Providenciar o necessário, dar lugar à ações e vozes distintas e dissonantes. Disparar inversões possíveis para que o imprevisível aflore, num processo instável e democrático, como nos demonstra o “jogo do poder” 1 .
Propor uma festa de aparelhagem contra o aparelhamento: pelo escorregar de crianças, com o movimento de atores, sob rampas e esconderijos, para meditar numa noite de festa, entre os objetos que guardamos, exibimos ou trazemos conosco, de tantas vozes femininas silenciadas, sobre o que plantamos e comemos, ante o desafio do corpo negro no mundo branco, por um movimento livre e presente dos idosos na cidade, após a soneca do senhor assíduo, sem ficha azul, desde Brasília, até Londres, perante o Ipiranga.


A rig party, 
BY Carol Tonetti


Architecture are artefacts that remain.

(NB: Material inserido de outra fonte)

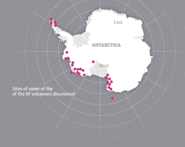 Ученые из Эдинбургского университета обнаружили подо льдами Антарктиды новый крупнейший вулканический регион на планете - 91 ранее неизвестный вулкан. Все они имеют высоту от 100 до 3850 метров, сообщает National Geographic.

They are prescriptive by nature – a design that plans a space, proposes behaviours and determines conducts. A design plots, projects itself from a distance in an attempt to organise life, which, in its everyday struggle, hits back, subverts, reprograms and resignifies.

Confrontations that inform these kinds of design will inevitably have their original intentions betrayed by forms of use. Architectures are reorganised by bodies and human activity, constantly overlapping and in rhetorical contention with the physical model.

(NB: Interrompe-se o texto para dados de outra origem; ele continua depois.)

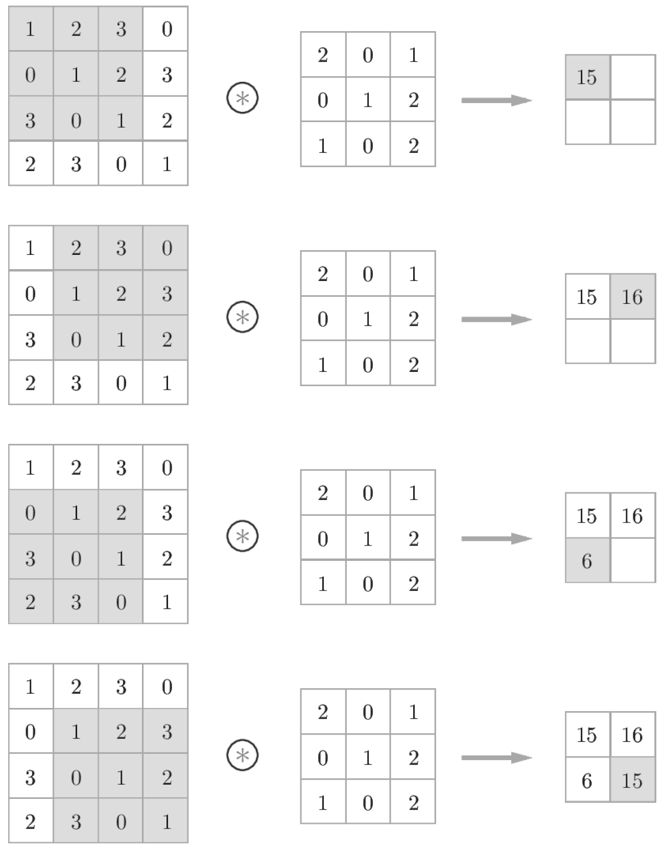 이 과정을 모든 장소에서 수행하면 합성곱 연산의 출력이 완성된다.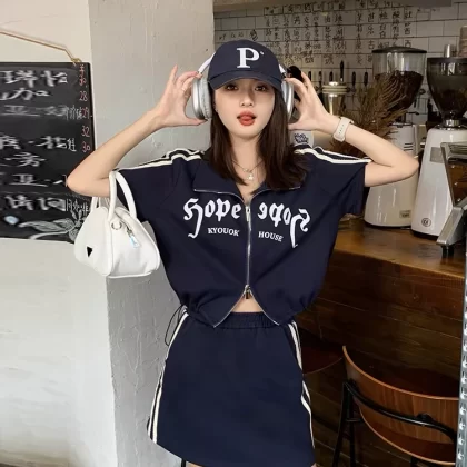 Fashionable sports casual blue skirt two-piece set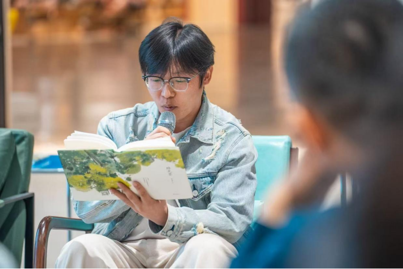 文字是沉默的诗,而朗读是流动的画。在文学声音剧场环节,明天出版社的孙亚飞、张恒硕,青岛大学的学生涵咏,以声音为媒介,赋予文字新的生命。《豆蔻年华》的青春昂扬、《蝉的行李》的细腻灵动与《绿光芒》中珍贵的童年回忆……一段段精选篇章,在不同声音的诠释下,如光影流转,似草木生长,展现出文字背后丰富的情感层次与想象空间。

Taken as a symptom of ideologies, architecture can rekindle utopic ideals, let itself be intersected by other elements and presences, act as social-political exercise and scrutiny. A plenary, a known architectural form, a national symbol, which, replicated ad nauseam, becomes a worn out, far away image, like a set in a media event. In opposition, an installation informed by this plenary reedits that form as a non-affirmative model to be occupied.

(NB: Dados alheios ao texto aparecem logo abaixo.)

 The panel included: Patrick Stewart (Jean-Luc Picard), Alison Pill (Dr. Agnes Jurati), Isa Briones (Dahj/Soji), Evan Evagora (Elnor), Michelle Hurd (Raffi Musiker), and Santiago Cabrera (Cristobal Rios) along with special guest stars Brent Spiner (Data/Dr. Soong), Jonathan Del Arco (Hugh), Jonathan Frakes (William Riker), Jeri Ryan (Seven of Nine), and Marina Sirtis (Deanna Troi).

To arrange what is necessary, to give rise to different and dissenting voices. To trigger potential reversals so that the unpredictable might flourish in an unstable and democratic process, as proven by the “the game of power” .

To propose a rig party against rigging: where children slide, actors move, under ramps and hiding places, to meditate on a night of celebration, among the objects we keep, display or bring with us, of so many silenced female voices, on what we grow and eat, before the challenge of black bodies in a white world, for the free and present movement of senior citizens in the city, after the regular visitor’s siesta, without a blue chip, from Brasília, to London, before the Ipiranga.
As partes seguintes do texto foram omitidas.